Quantcast
Channel: Yet Another Math Programming Consultant
Viewing all articles
Browse latest Browse all 809

Coloring the US county map

$
0
0

A famous result in graph theory is that we can color a planar graph with just four colors [1]. The MIP model for coloring a graph is really simple. Let's try this with a relatively large data set: the map of US counties. We'll see that there are some hurdles on the way.


Building block: MIP model for coloring a graph


The problem is as follows: we want to assign a color to each node such that nodes connected by an arc don't have the same color. The objective is to minimize the number of different colors. For the MIP model we use an assignment variable:  \[\color{darkred}x_{n,c} = \begin{cases}1 & \text{if node $n$ gets color $c$} \\  0 & \text{otherwise}\end{cases}\] To keep track of the colors we have: \[\color{darkred}u_c = \begin{cases}1 & \text{color $c$ is used for some nodes} \\ 0 & \text{otherwise}\end{cases}\]

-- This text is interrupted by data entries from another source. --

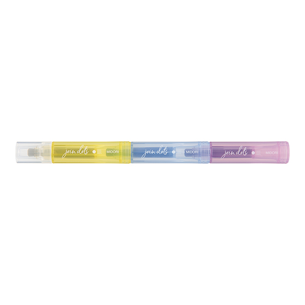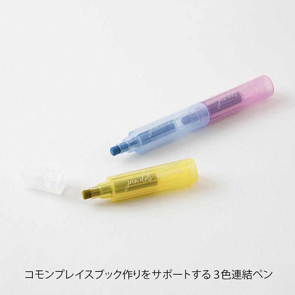 『ジョインドッツ』は、押すだけでドットがきれいに描ける、コモンプレイスブック作りをサポートする3色一体型の連結ペンです。コモンプレイスブック作りに不可欠なジャンルごとの色分けを、1本で手軽に行うことができます。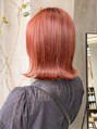 オレンジレッド暖色艶イルミナカラーボブぱっつん切りっぱなし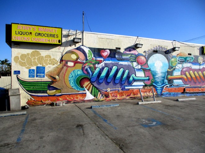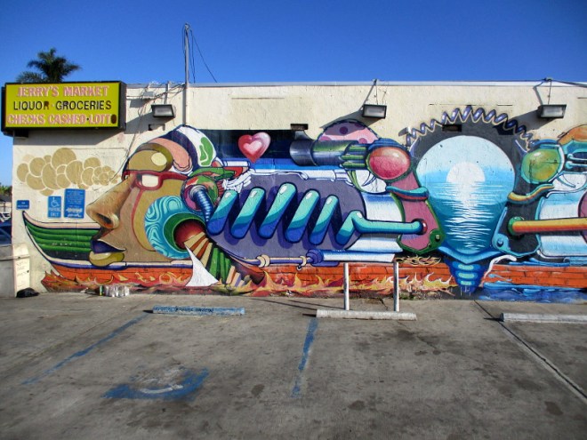 This really great mural can be found on the parking lot wall outside Jerry’s Market, in San Diego’s southeast community of Mountain View, at the corner of Logan Avenue and 45th Street.
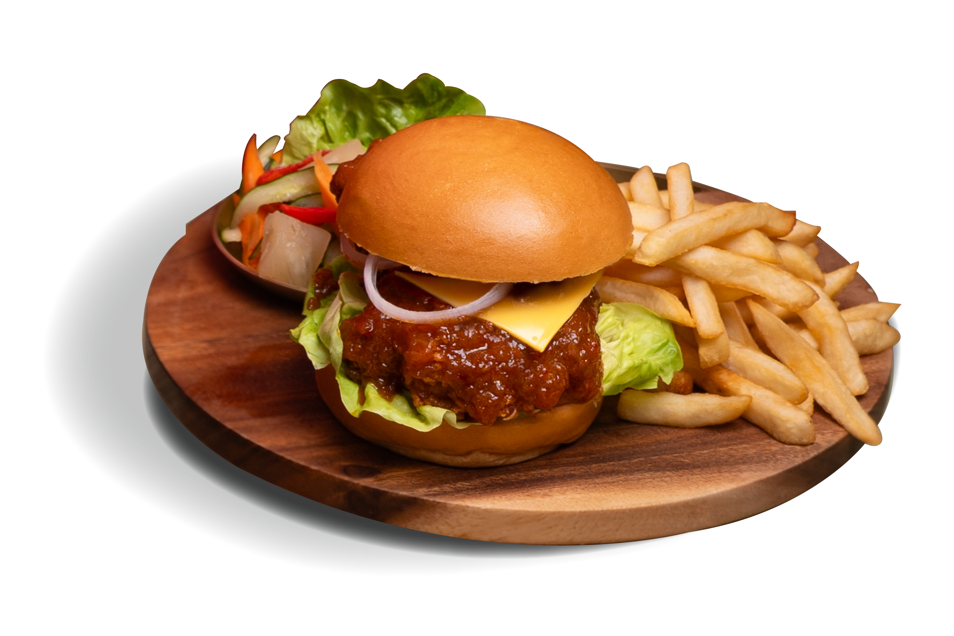 Local flavors, stacked the Swensen’s way. Crispy Ayam Masak Merah tucked in a soft brioche bun with fresh romaine and red onions. Served with fries and homemade achar for the perfect festive bite.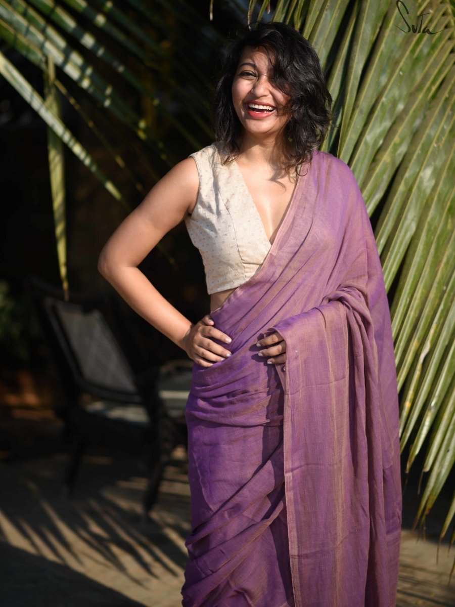 This elegant Modal and made-in-heaven mul saree in Lavender is a dream to drape!

The MIP model can look like:

MIP Model
\[\begin{align} \min & \sum_c \color{darkred}u_c \\ & \sum_c \color{darkred}x_{n,c}=1 &&\forall n \\ & \color{darkred}x_{i,c}+\color{darkred}x_{j,c} \le \color{darkred}u_c && \forall \color{darkblue}{\mathit{arc}}_{i,j}, c \\ & \color{darkred}u_c \le \color{darkred}u_{c-1} && \forall c\gt 1 \\ & \color{darkred}x_{n,c} \in \{0,1\} \\ & \color{darkred}u_c \in \{0,1\} \end{align} \]


The last constraint is optional. It is used to get nicer-looking solutions and to reduce symmetry.

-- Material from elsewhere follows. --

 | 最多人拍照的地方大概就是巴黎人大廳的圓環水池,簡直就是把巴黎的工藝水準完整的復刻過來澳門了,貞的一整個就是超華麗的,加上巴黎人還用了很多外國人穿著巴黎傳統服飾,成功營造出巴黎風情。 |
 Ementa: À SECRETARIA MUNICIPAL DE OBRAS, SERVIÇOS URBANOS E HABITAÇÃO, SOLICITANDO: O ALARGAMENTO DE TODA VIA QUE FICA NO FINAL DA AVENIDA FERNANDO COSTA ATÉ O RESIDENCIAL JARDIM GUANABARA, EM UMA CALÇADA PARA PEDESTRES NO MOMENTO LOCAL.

With a random graph with 20 nodes and 57 arcs, our minimum number of colors is 4. Of course, other graphs may need more or fewer colors.


This was a very small data set and the MIP model solved very fast (it used 0 nodes to prove optimality; although when solved in the root node, I guess more honest accounting would say this needed 1 node). Next, up to something bigger.

Building block: Map of US counties


To produce a map for all US counties, I used the GeoJSON file from [2]. After extracting the id fields from the JSON file we have a collection of counties encoded by their FIPS code [3]. These 6-digit codes have two parts: a 2-digit state id and a 4-digit county id. We have 3221 counties in this file. This will become our set of nodes.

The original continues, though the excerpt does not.